Lately I’ve found that I really miss playing music regularly. When I first joined Red Hat in 2008, the plan was for me to move up to New England so I could join most of my coworkers in the Westford office. As a result, I gracefully exited the musical projects I was involved in at the time, so they wouldn’t be hampered by my sudden move. However, a plummeting housing market in the DC area and my mother’s struggles with her spinal problems put the kibosh on my move, and circumstances led to me basically just working from home. That has continued to work out pretty well for both me and Red Hat, so I don’t see it changing any time in the near future.
The unfortunate result, though, is that I haven’t been playing music regularly now for several years. And that gets me right where it hurts — in my work/life balance. Anyone who knows me knows I put a high value on that balance.

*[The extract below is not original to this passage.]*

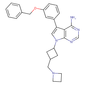 InChI=1S/C27H29N5O/c28-26-25-24(21-8-4-9-23(14-21)33-17-19-6-2-1-3-7-19)16-32(27(25)30-18-29-26)22-12-20(13-22)15-31-10-5-11-31/h1-4,6-9,14,16,18,20,22H,5,10-13,15,17H2,(H2,28,29,30)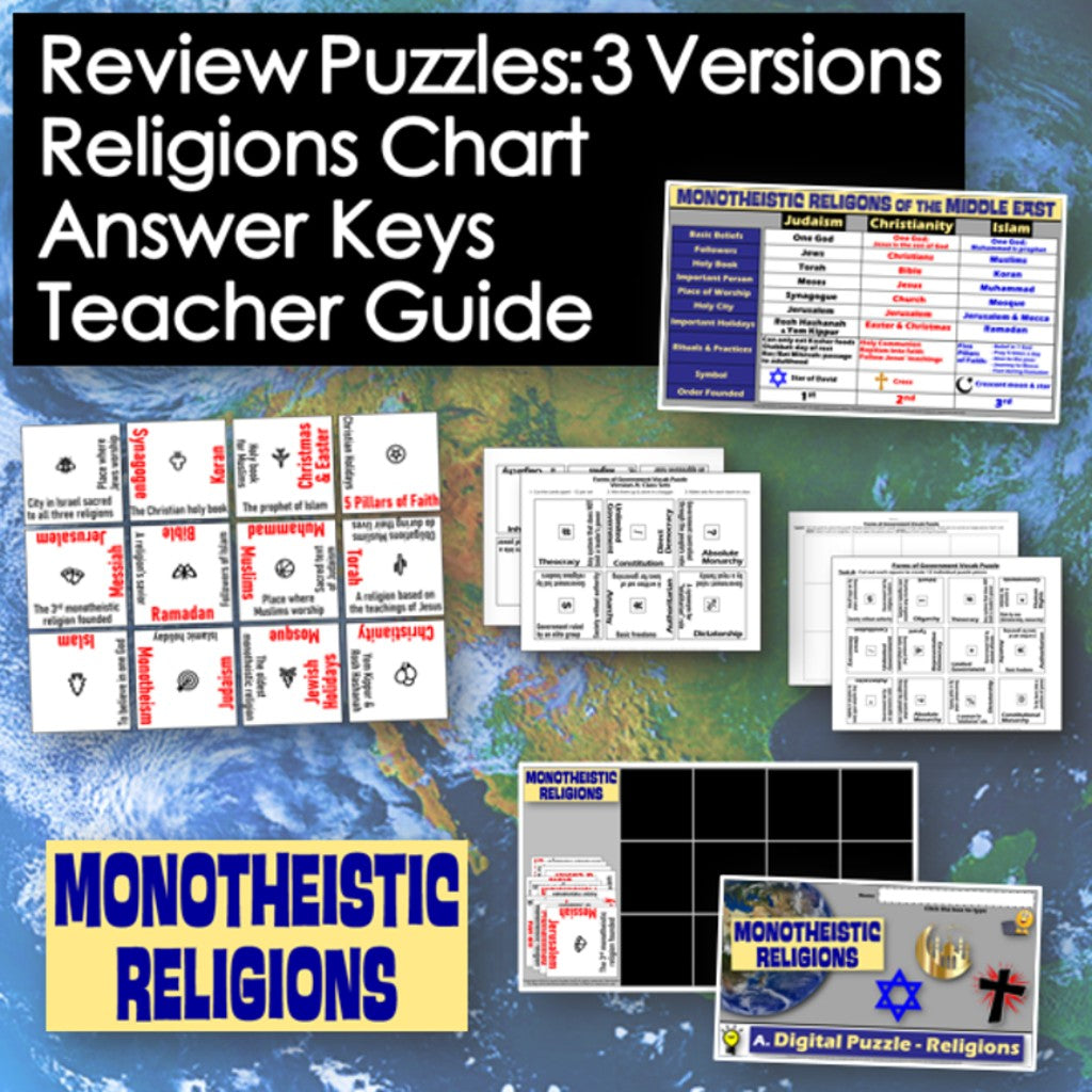 Monotheistic Religions Puzzles - Christianity, Judaism, Islam - Print & Digital

I’ve been better at achieving it over the past couple of years. But the question I’ve asked myself lately is “to what end?”. Sure, I get to spend more time with my family, but it’s not like we are busy every second of every night or weekend. So the question is, am I doing the best with that non-work time that I could? And the answer to myself was no. I was missing the fun of being creative, and that’s what music does for me.
So I decided to challenge myself to get back into the music scene in the local area. I wouldn’t say that Fredericksburg, Virginia is a bustling music marketplace, but we do have our share of venues and bands. There are some limitations: most of what people are playing around here is bar music, i.e. classic rock, country, and/or blues (or hard metal, which is just not my bag, baby). That means I have to do away somewhat with my predisposition, which is singer/songwriter stuff in the folk/rock/pop genre. Because when you’re playing professionally, you are working in a marketplace, and rule number one is, the customer is always right. And if the customer wants to hear “Gimme Three Steps” for the eight thousandth frickin’ time, then I’m going to do my best to chew it up — dig?

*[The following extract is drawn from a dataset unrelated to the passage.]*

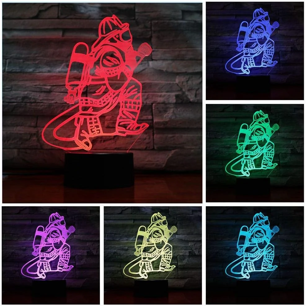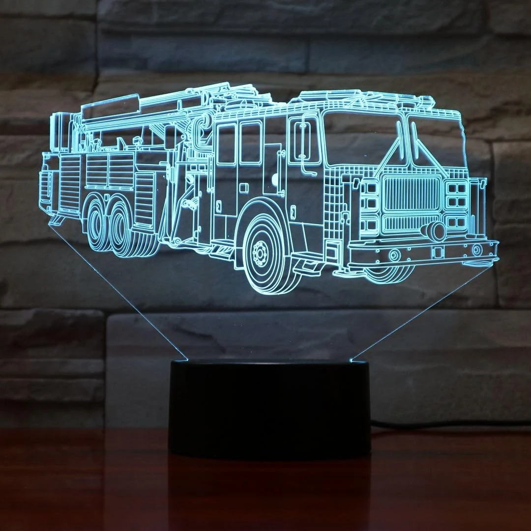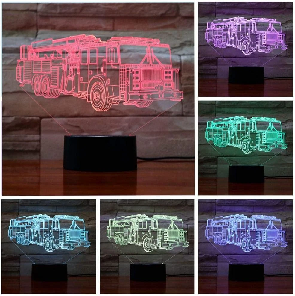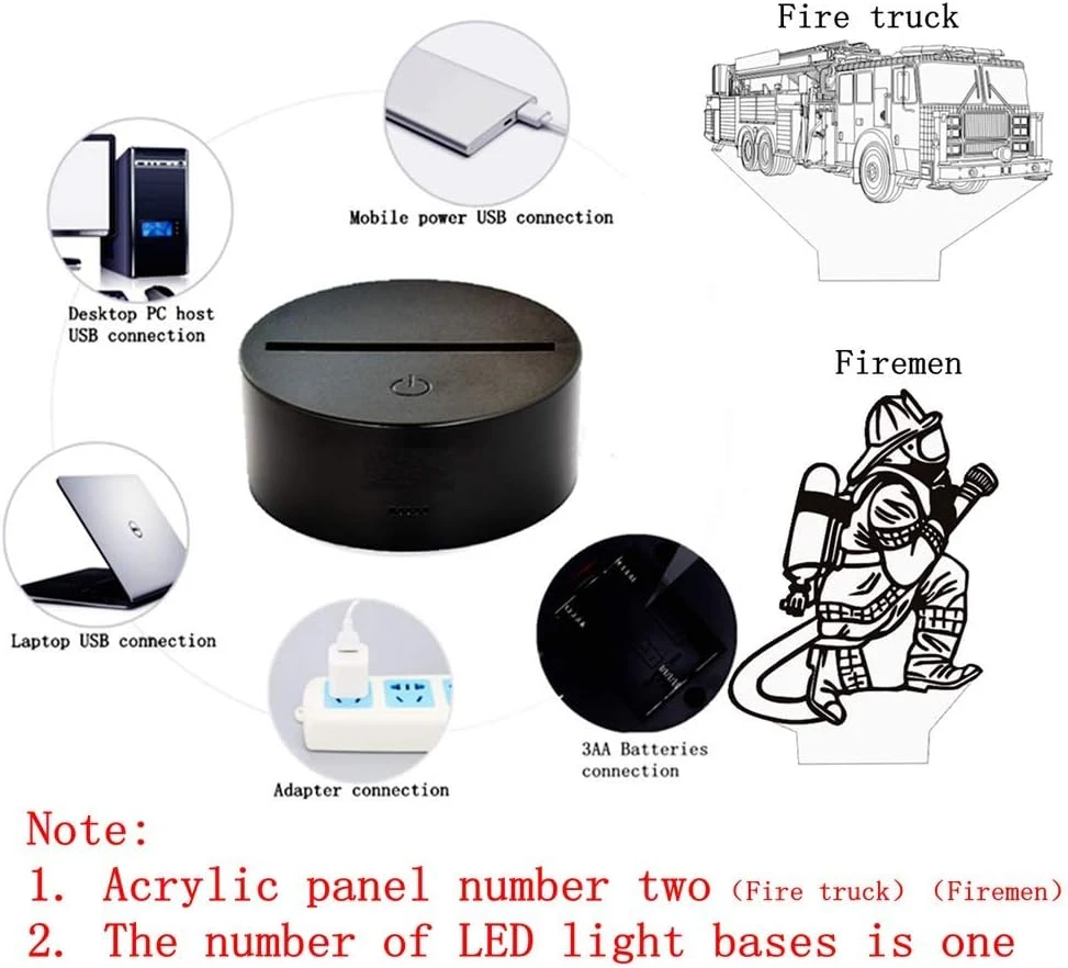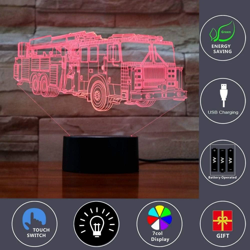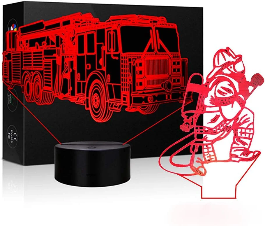- ☆【3D VISUAL EFFECT with 2 Different Design】— Creative 3D LED illusion night light has a nice 3D vision effect. Fire truck, Firemen cool design with 3D effect is much better in the dark;

Letting go of my personal feelings about tunes I like (or don’t), though, has been easier to solve than another issue: finding great people to play with. I’ve done auditions for a while now, and I’ve discovered — or maybe rediscovered, since I probably knew this long ago the last time I was auditioning — that auditions are a two-way street. When I show up for an audition with a group, they’re not just seeing whether I’m good for them, I’m determining whether they’re good for me. So far the second half of that equation has been missing. So I’m trying to branch out beyond just answering ads, and try to meet other musicians who maybe aren’t actively looking. It stands to reason that many great musicians in the area are already hooked up with a group, simply because they’re great and everyone knows it.
Fortunately I’ve found there are worthwhile open mic sessions in the area. I’ve never done these before — I found all my previous work through referrals and recommendations, working with a series of steadily excellent musicians. Not being a born extrovert, I also found that I had some trepidation about attending an open mic. What if I didn’t know the tunes? What if no one wanted me on stage? What if none of the other players was any good? Then I realized all these what-if’s were basically killing any positive outcome before it even had a chance. If I went, sure, there was a chance it might not end up having value. But if I didn’t, then there was a 100% chance it wouldn’t have any value. So it’s pretty simple — just go, already!
It’s turned out pretty well so far — I’ve found that there are some truly great musicians around this area. Sure, they may all be in good bands already, but they also tend to know each other, and the way I look at it, if they start to know who I am, they’ll be able to give me or someone else a heads-up for a situation that might be good for me. The open mic is just as much a networking opportunity as a musical one. So by embracing that opportunity my hope is to get more wired into the local scene, make some new friends, and maybe find a referral to play with some great musicians again. I think the key is not just to go, but to keep going. That’s reinvigorated me, so that I’m practicing more on my own again — and it’s helped me shake the rust and dust off.
So today, I’m going out again to an open mic that was fun last Sunday, after which I’m headed off to another audition. And while the other guys are certainly going to audition me, I’m also going to audition them. So don’t just wish me luck — wish them luck too!